Returns the 10 built-in transforms: pigLatin, ubbiDubbi, leet, uwu, pirate, redact, emoji, mockCase, reverseWords, bizJargon.
See Output Transforms for detailed descriptions of each.
list_sentence_types
List all available sentence structure types with descriptions. No parameters.
Returns the six types: simpleDeclarative, compound, introAdverbial, subordinate, interjection, question.
See Guides > Sentence Types for examples of each.
list_config
List all generator configuration options with their types and default values. No parameters.
Use this to discover what can be passed in the config parameter of the generation tools. See Configuration for full details on each option.
validate_lexicon
Validate a lexicon JSON string or file and report any errors or warnings. Provide either json or lexiconPath.
| Parameter | Type | Description |
|---|---|---|
json | string | The lexicon JSON string to validate |
lexiconPath | string | Absolute path to a lexicon JSON file on disk |
Returns validation status, a list of errors (if any), and warnings.

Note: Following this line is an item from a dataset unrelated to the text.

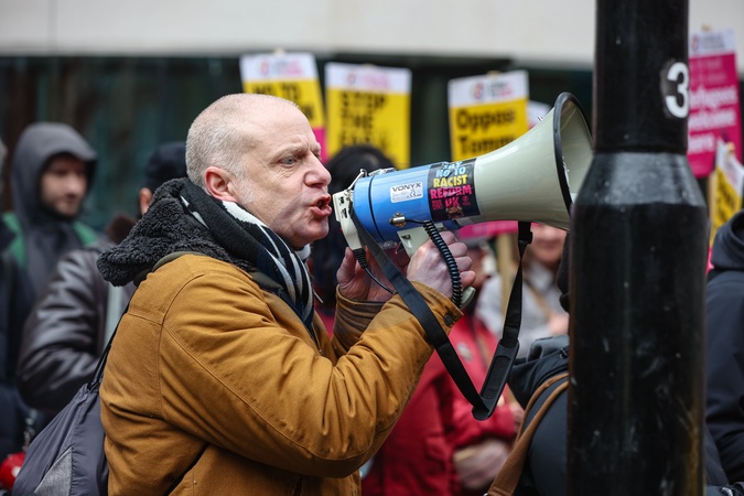 Stand Up to Racism protest against far-right Advance UK event outside Emmanuel Centre in Westminster, London, UK, on 07 February 2026

See Lexicons for the full schema reference and how to build custom lexicons.
Using custom lexicons
There are two ways to load a lexicon into any generation tool:
- By file path – pass
lexiconPathwith an absolute path to a.jsonfile on disk. This is the easiest option when you already have a lexicon file. - Inline JSON – pass
lexiconwith the full JSON string. Useful for one-off or dynamically constructed lexicons.
If both are provided, lexiconPath takes precedence.

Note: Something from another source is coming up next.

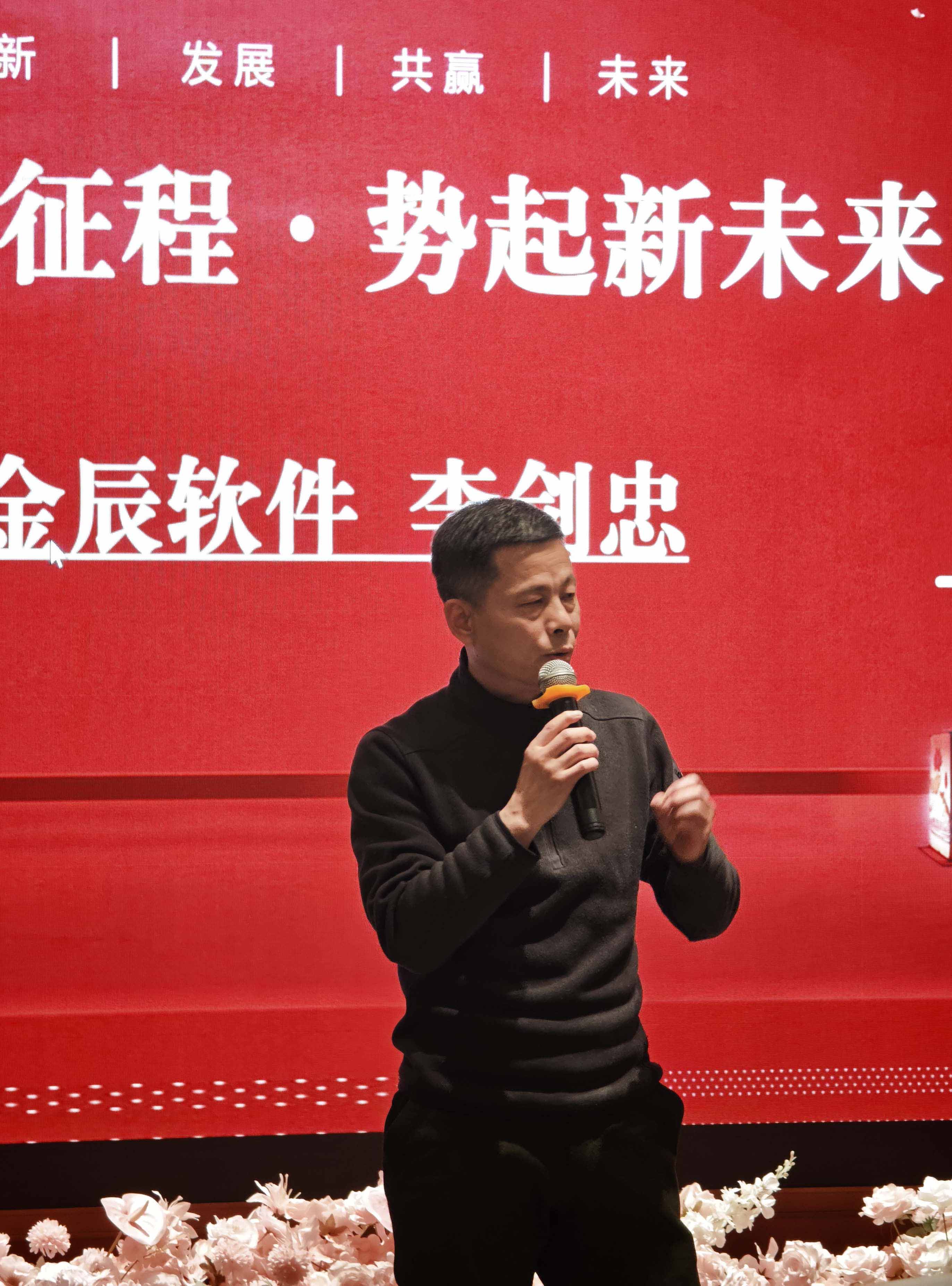 視頻過(guò)后,倪總登臺(tái)為年會(huì)致辭,既對(duì)公司 2025 年的發(fā)展成果進(jìn)行了全面總結(jié),肯定了全體員工的辛勤付出與不懈堅(jiān)守,也為 2026 年的發(fā)展擘畫(huà)了美好藍(lán)圖,提出了新的期許與要求。隨后,李劍忠李總發(fā)表致辭,樸實(shí)的話(huà)語(yǔ)中滿(mǎn)是對(duì)團(tuán)隊(duì)的認(rèn)可與關(guān)懷,為全體金辰人新一年的奮斗指明了方向。兩位領(lǐng)導(dǎo)的致辭振奮人心、催人奮進(jìn),讓現(xiàn)場(chǎng)員工深受鼓舞,陣陣熱烈的掌聲在會(huì)場(chǎng)久久回蕩。

Example prompt: “Generate a startup-themed paragraph using the lexicon at /home/me/lexicons/startup.json”
The LLM calls generate_paragraph with lexiconPath: "/home/me/lexicons/startup.json" and archetype: "startup".
Inline lexicon example
For quick, ad-hoc lexicons, an LLM can pass the JSON directly:
{
"id": "lexicon.startup",
"language": "en",
"termSets": {
"noun.startup": {
"pos": "noun",
"tags": ["domain:startup"],
"terms": [
{ "value": "disruptor" },
{ "value": "unicorn" },
{ "value": "pivot" },
{ "value": "runway" }
]
},
"verb.startup": {
"pos": "verb",
"tags": ["domain:startup"],
"terms": [
{ "value": "disrupt" },
{ "value": "scale" },
{ "value": "pivot" },
{ "value": "iterate" }
]
}
},
"archetypes": {
"startup": {
"tags": ["domain:startup"]
}
}
}
Generator configuration
All generation tools accept a config parameter – a JSON string with any GeneratorConfig overrides. This lets you tune sentence structure rates, word counts, complexity limits, and more.
Example prompt: “Generate a paragraph with lots of questions and long sentences”

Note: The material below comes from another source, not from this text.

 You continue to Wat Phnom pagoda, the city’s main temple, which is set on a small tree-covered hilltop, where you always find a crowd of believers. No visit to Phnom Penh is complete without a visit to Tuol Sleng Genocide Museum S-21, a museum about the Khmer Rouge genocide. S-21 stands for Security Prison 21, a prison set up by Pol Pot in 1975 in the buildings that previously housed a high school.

The LLM calls generate_paragraph with:
{
"config": "{\"questionRate\":0.8,\"minWordsPerSentence\":15,\"maxWordsPerSentence\":30}"
}
Common config options:
| Option | Type | Default | Description |
|---|---|---|---|
minWordsPerSentence | number | 5 | Minimum words per sentence |
maxWordsPerSentence | number | 25 | Maximum words per sentence |
questionRate | number (0-1) | 0.10 | Rate of question sentences |
compoundRate | number (0-1) | 0.15 | Rate of compound sentences |
subordinateClauseRate | number (0-1) | 0.15 | Rate of subordinate clauses |
maxAdjectivesPerNoun | number | 2 | Maximum adjectives before a noun |
maxAdverbsPerVerb | number | 1 | Maximum adverbs per verb phrase |
maxPPChain | number | 2 | Maximum prepositional phrase chains |
minSentencesPerParagraph | number | 2 | Minimum sentences per paragraph |
maxSentencesPerParagraph | number | 7 | Maximum sentences per paragraph |
sentenceTypeWeights | object | – | Weights for each sentence type |
Call list_config to see the full list with defaults.
Deterministic output
Pass the same seed value to any generation tool to get reproducible results. This is useful when an LLM needs consistent placeholder text across multiple calls.